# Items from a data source

- - - - -

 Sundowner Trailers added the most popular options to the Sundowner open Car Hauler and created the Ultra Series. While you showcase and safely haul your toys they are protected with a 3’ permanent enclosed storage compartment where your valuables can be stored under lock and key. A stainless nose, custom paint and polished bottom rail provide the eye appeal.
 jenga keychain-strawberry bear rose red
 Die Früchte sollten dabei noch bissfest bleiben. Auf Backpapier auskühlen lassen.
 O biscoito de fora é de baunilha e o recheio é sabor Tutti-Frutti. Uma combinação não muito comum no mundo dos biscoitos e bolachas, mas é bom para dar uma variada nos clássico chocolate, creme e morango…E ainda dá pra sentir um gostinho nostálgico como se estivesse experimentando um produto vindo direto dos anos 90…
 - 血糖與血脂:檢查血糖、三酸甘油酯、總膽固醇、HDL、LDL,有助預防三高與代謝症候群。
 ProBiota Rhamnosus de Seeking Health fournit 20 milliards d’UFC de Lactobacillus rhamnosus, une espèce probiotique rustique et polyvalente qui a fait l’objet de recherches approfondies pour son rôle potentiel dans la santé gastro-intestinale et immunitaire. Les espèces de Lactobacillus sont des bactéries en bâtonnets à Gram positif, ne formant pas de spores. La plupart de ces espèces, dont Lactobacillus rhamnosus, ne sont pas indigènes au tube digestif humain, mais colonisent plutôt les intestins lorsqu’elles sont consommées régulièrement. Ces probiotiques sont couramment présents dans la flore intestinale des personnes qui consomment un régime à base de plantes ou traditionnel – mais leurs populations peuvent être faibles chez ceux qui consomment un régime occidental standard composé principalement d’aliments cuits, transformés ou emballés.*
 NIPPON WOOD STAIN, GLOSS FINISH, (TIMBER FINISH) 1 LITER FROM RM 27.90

- - - - -

# What the task requires
A verbatim copy of all the records is required. Write it out in full.

# Task result
 Sundowner Trailers added the most popular options to the Sundowner open Car Hauler and created the Ultra Series. While you showcase and safely haul your toys they are protected with a 3’ permanent enclosed storage compartment where your valuables can be stored under lock and key. A stainless nose, custom paint and polished bottom rail provide the eye appeal.
 jenga keychain-strawberry bear rose red
 Die Früchte sollten dabei noch bissfest bleiben. Auf Backpapier auskühlen lassen.
 O biscoito de fora é de baunilha e o recheio é sabor Tutti-Frutti. Uma combinação não muito comum no mundo dos biscoitos e bolachas, mas é bom para dar uma variada nos clássico chocolate, creme e morango…E ainda dá pra sentir um gostinho nostálgico como se estivesse experimentando um produto vindo direto dos anos 90…
 - 血糖與血脂:檢查血糖、三酸甘油酯、總膽固醇、HDL、LDL,有助預防三高與代謝症候群。
 ProBiota Rhamnosus de Seeking Health fournit 20 milliards d’UFC de Lactobacillus rhamnosus, une espèce probiotique rustique et polyvalente qui a fait l’objet de recherches approfondies pour son rôle potentiel dans la santé gastro-intestinale et immunitaire. Les espèces de Lactobacillus sont des bactéries en bâtonnets à Gram positif, ne formant pas de spores. La plupart de ces espèces, dont Lactobacillus rhamnosus, ne sont pas indigènes au tube digestif humain, mais colonisent plutôt les intestins lorsqu’elles sont consommées régulièrement. Ces probiotiques sont couramment présents dans la flore intestinale des personnes qui consomment un régime à base de plantes ou traditionnel – mais leurs populations peuvent être faibles chez ceux qui consomment un régime occidental standard composé principalement d’aliments cuits, transformés ou emballés.*
 NIPPON WOOD STAIN, GLOSS FINISH, (TIMBER FINISH) 1 LITER FROM RM 27.90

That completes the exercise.